Material for this task:
════════════════

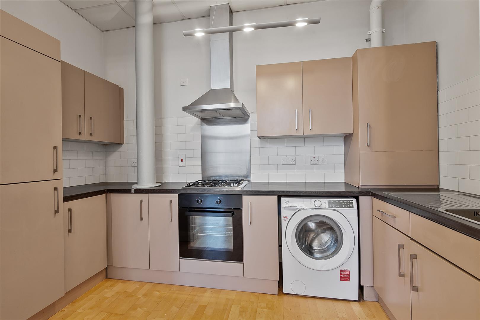 Range of high and low level units, formica work surfaces, 4 ring gas hob, underoven, overhead extractor hood, plumbed for washing machine.
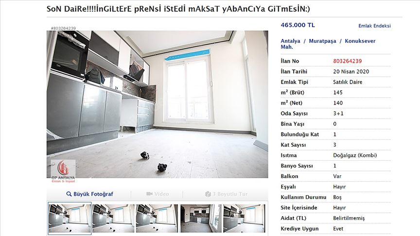 Antalya'daki bir emlak şirketinin e-ticaret platformlarında, "İngiltere prensi istedi vermedik, maksat yabancıya gitmesin", "Duyanlar duymayanlara söylemesin, başkası alır üzülür." gibi başlıklarla yayımladığı gayrimenkul ilanları, görenlerin dikkatini çekiyor.
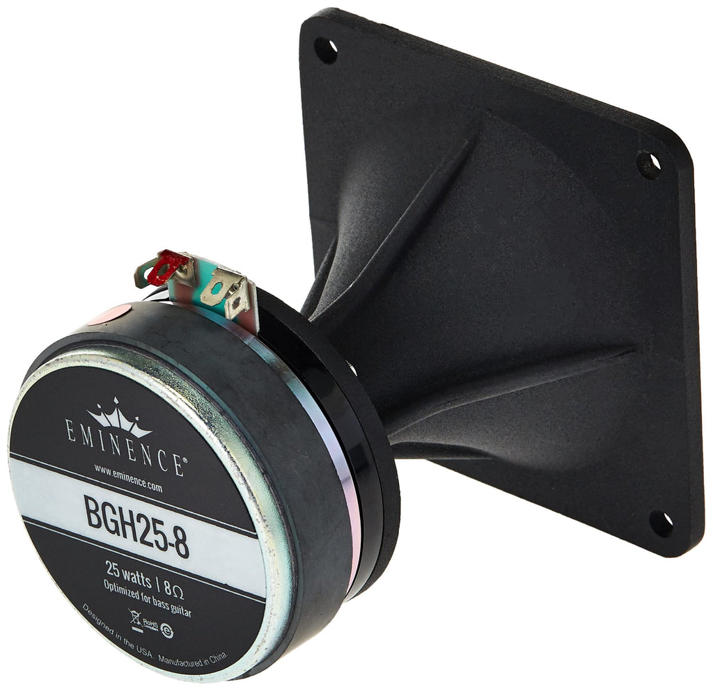 Eminence BGH258 Bass Cabinet Supertweeter, 25 Watts at 8 OhmsHas a 25 watt driver and die cast horn combinationOptimized specifically for bass guitar applicationsHandles a frequency range of 2.5 kHz - 20kHz
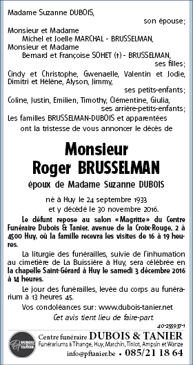 Décédé à Huy (4500) le mercredi 30 novembre 2016 à l'âge de 83 ans
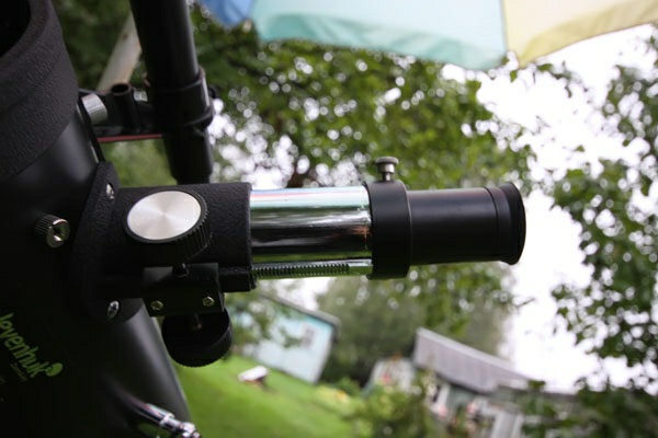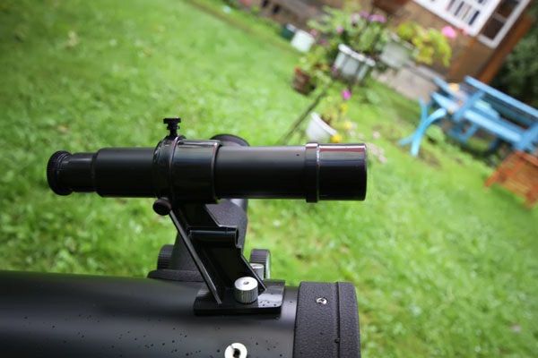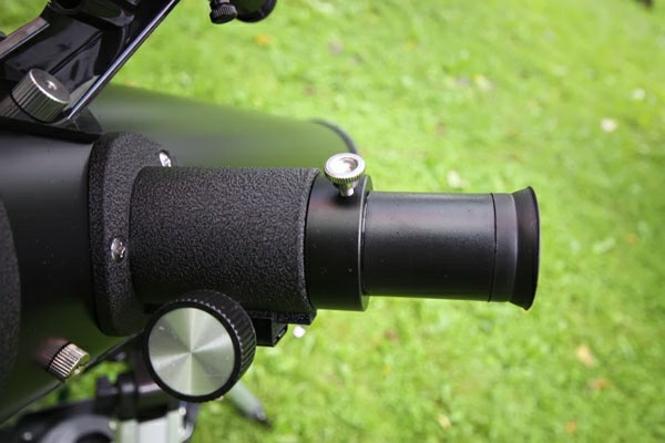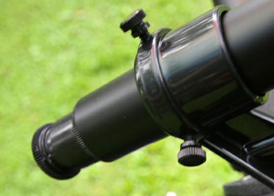 The finderscope is made of plastic. It is attached to the tube with two large screws. For accurate alignment of the finderscope, point the telescope at some distant object, and then align the images provided by the main telescope and the finderscope together, using the adjustment screws on the body. The adjustment screws are also made of plastic.

════════════════

Repeat each record verbatim, pictures excluded.

Response to the exercise:
 Range of high and low level units, formica work surfaces, 4 ring gas hob, underoven, overhead extractor hood, plumbed for washing machine.
 Antalya'daki bir emlak şirketinin e-ticaret platformlarında, "İngiltere prensi istedi vermedik, maksat yabancıya gitmesin", "Duyanlar duymayanlara söylemesin, başkası alır üzülür." gibi başlıklarla yayımladığı gayrimenkul ilanları, görenlerin dikkatini çekiyor.
 Eminence BGH258 Bass Cabinet Supertweeter, 25 Watts at 8 OhmsHas a 25 watt driver and die cast horn combinationOptimized specifically for bass guitar applicationsHandles a frequency range of 2.5 kHz - 20kHz
 Décédé à Huy (4500) le mercredi 30 novembre 2016 à l'âge de 83 ans
 The finderscope is made of plastic. It is attached to the tube with two large screws. For accurate alignment of the finderscope, point the telescope at some distant object, and then align the images provided by the main telescope and the finderscope together, using the adjustment screws on the body. The adjustment screws are also made of plastic.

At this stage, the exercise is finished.